Print the records below exactly, from the line containing "Its a knit denim" down to the line containing "این در حالی", both lines included, and omit every picture.
Provided data Block Start
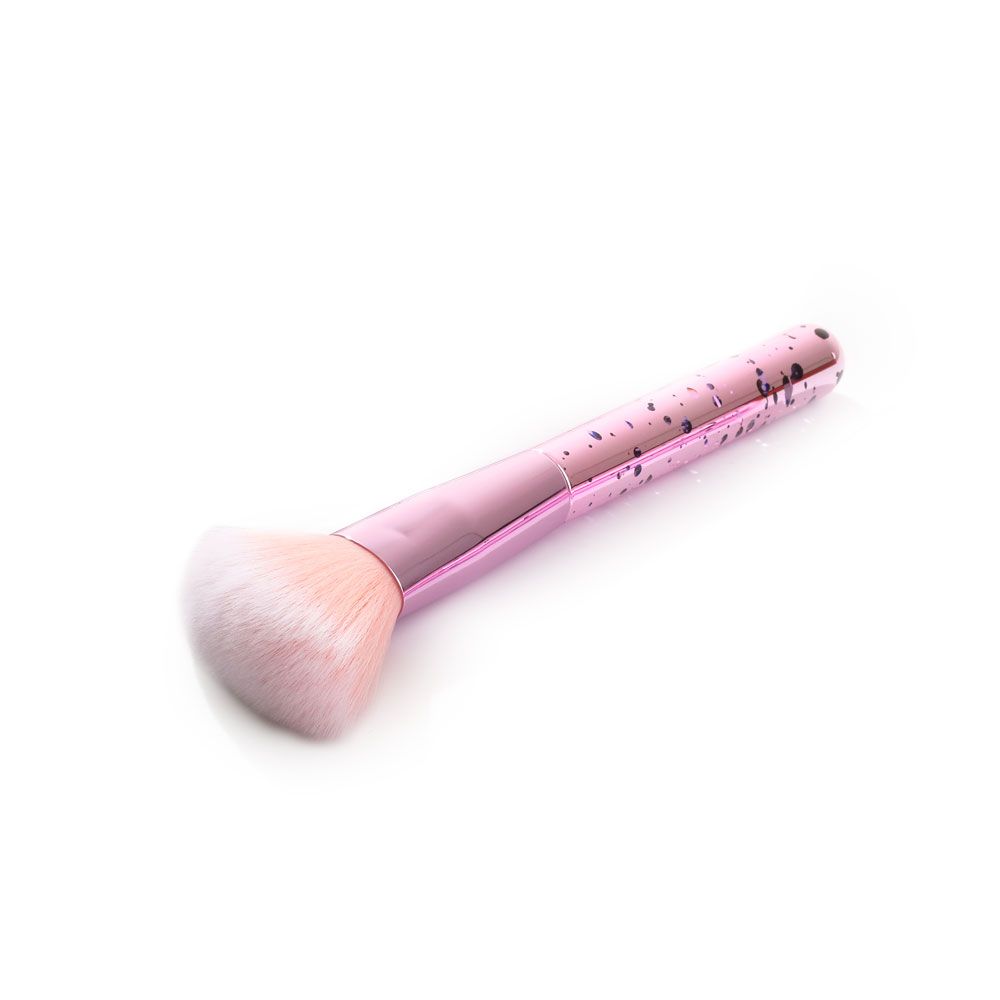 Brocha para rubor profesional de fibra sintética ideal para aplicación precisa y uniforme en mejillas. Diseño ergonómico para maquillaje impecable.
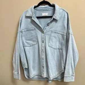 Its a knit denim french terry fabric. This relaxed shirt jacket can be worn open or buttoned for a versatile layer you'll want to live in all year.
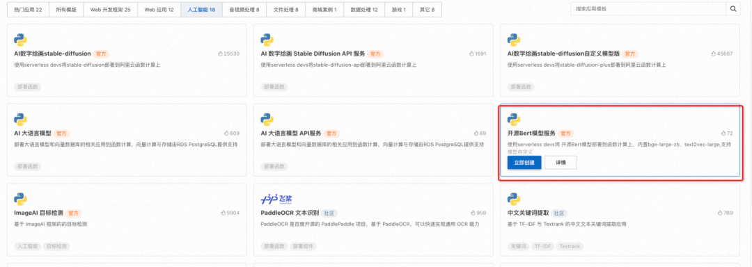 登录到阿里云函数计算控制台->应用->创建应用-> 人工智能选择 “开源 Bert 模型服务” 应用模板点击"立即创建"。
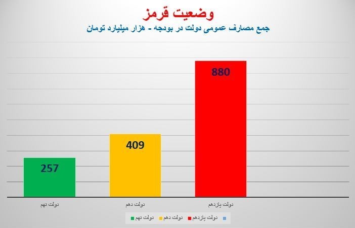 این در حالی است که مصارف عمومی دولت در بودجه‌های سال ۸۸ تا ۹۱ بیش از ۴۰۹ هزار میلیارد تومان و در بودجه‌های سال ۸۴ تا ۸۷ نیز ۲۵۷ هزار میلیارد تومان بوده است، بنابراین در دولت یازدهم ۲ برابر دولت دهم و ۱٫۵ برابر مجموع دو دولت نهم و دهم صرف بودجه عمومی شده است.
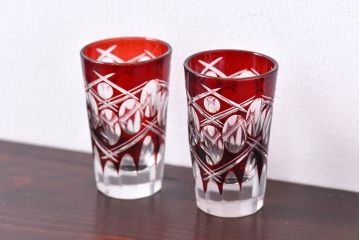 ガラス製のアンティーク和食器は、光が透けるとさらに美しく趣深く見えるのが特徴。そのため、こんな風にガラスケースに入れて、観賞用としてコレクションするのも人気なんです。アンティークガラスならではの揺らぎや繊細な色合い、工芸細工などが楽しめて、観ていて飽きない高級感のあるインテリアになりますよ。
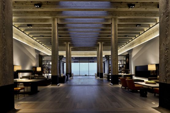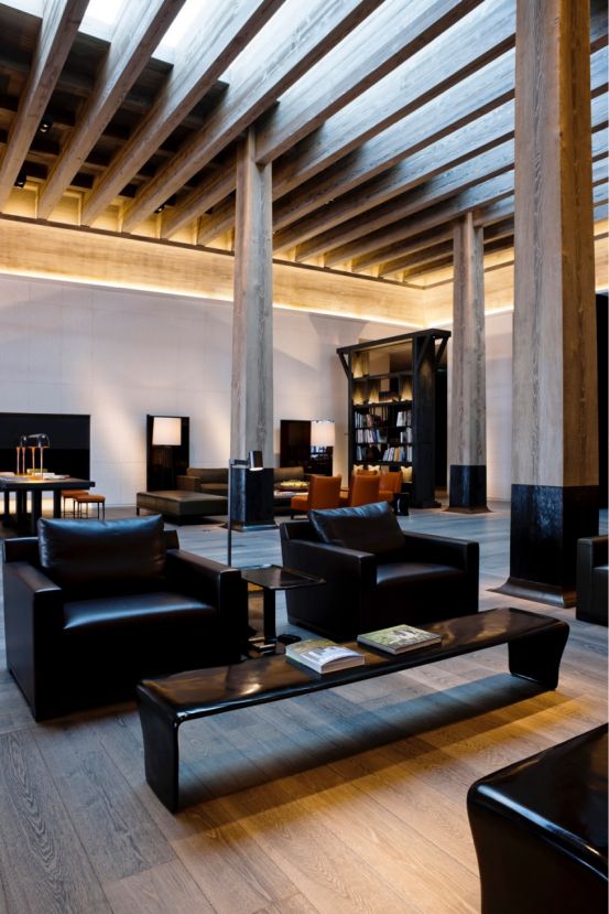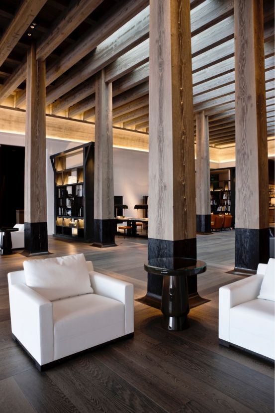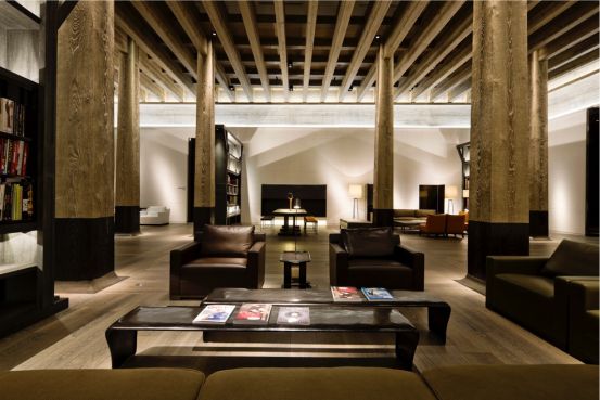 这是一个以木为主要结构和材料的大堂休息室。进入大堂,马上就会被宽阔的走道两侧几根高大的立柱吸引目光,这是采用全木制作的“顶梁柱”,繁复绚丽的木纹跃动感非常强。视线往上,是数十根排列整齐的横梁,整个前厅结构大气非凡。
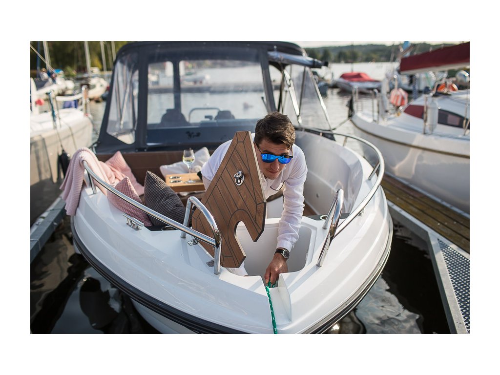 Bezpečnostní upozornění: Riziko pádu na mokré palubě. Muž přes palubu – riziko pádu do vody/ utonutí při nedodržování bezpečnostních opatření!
Provided data Block End
Provided data Block Start
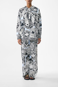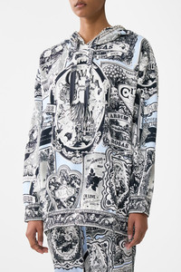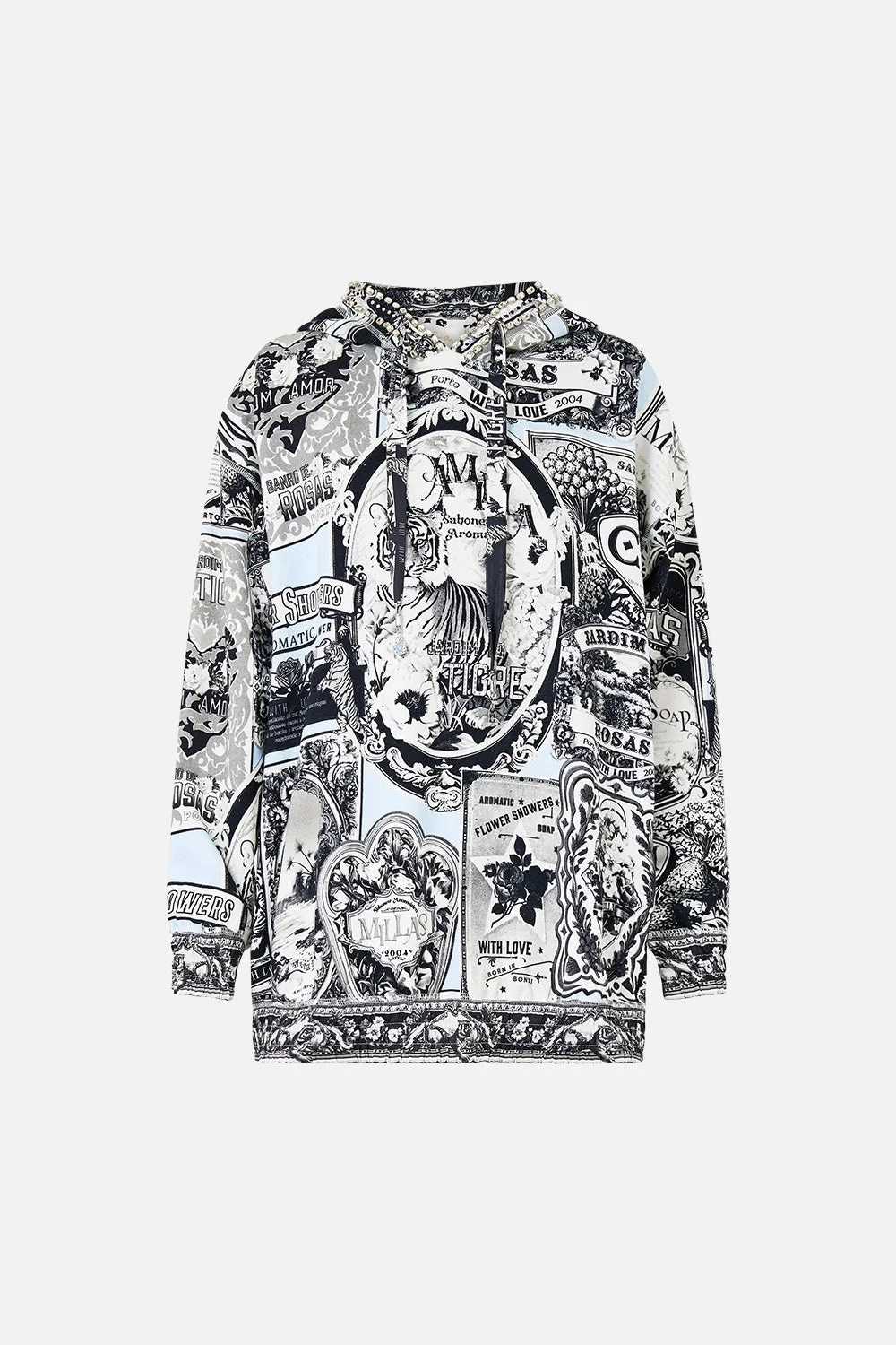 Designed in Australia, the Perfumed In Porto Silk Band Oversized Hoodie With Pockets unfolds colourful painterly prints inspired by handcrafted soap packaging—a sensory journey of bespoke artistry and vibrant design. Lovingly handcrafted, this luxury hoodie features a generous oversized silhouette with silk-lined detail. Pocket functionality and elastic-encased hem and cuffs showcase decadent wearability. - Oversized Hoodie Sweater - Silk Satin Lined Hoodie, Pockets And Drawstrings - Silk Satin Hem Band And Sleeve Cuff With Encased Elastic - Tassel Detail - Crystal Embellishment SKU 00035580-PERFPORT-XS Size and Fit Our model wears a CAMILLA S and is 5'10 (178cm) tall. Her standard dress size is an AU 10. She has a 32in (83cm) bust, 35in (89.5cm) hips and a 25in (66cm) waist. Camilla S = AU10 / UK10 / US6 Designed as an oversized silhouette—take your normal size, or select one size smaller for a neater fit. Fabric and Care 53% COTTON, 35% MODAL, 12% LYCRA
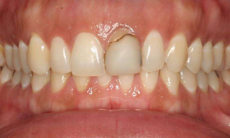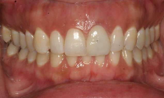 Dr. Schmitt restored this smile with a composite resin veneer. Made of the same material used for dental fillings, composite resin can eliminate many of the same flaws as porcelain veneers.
Provided data Block End
Provided data Block Start
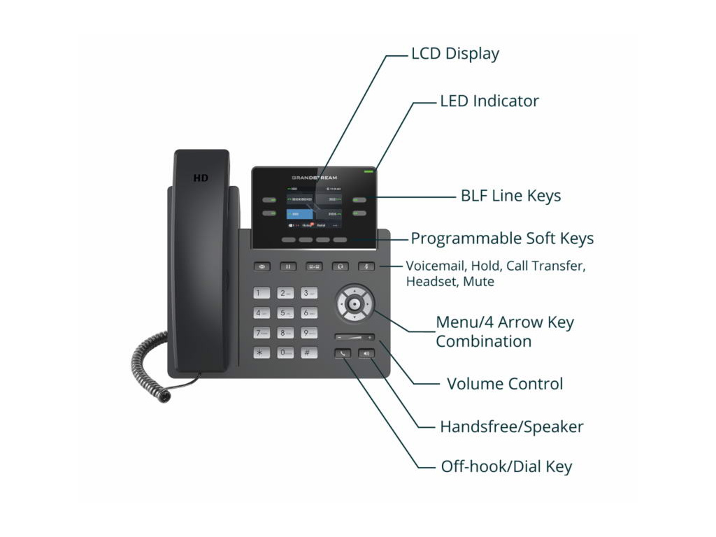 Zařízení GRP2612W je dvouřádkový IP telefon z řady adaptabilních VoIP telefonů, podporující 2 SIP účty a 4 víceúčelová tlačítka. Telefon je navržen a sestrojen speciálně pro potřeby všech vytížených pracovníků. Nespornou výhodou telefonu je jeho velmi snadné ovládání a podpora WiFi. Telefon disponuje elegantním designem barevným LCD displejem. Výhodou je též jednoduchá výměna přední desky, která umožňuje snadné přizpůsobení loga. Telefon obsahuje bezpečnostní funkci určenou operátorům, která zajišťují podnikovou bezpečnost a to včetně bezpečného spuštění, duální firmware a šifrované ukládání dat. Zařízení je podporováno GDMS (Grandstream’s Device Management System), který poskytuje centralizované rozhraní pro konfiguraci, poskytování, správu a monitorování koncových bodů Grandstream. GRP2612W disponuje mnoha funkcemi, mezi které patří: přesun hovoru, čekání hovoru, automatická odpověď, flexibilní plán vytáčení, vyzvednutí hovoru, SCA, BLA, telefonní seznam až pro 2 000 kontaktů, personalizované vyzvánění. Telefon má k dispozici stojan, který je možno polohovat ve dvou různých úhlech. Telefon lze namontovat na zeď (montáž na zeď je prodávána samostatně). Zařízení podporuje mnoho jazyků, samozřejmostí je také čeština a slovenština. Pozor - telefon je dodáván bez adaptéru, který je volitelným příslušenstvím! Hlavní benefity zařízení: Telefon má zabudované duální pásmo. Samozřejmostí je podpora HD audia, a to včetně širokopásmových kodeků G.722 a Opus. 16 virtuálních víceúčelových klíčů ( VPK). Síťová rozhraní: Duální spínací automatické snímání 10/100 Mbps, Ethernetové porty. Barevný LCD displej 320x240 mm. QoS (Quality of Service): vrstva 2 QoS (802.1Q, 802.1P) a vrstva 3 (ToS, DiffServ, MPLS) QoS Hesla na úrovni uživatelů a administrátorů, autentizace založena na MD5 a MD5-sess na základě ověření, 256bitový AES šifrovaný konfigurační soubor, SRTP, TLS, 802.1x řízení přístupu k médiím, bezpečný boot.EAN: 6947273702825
Provided data Block End
Completed exercise:
 Its a knit denim french terry fabric. This relaxed shirt jacket can be worn open or buttoned for a versatile layer you'll want to live in all year.
 登录到阿里云函数计算控制台->应用->创建应用-> 人工智能选择 “开源 Bert 模型服务” 应用模板点击"立即创建"。
 این در حالی است که مصارف عمومی دولت در بودجه‌های سال ۸۸ تا ۹۱ بیش از ۴۰۹ هزار میلیارد تومان و در بودجه‌های سال ۸۴ تا ۸۷ نیز ۲۵۷ هزار میلیارد تومان بوده است، بنابراین در دولت یازدهم ۲ برابر دولت دهم و ۱٫۵ برابر مجموع دو دولت نهم و دهم صرف بودجه عمومی شده است.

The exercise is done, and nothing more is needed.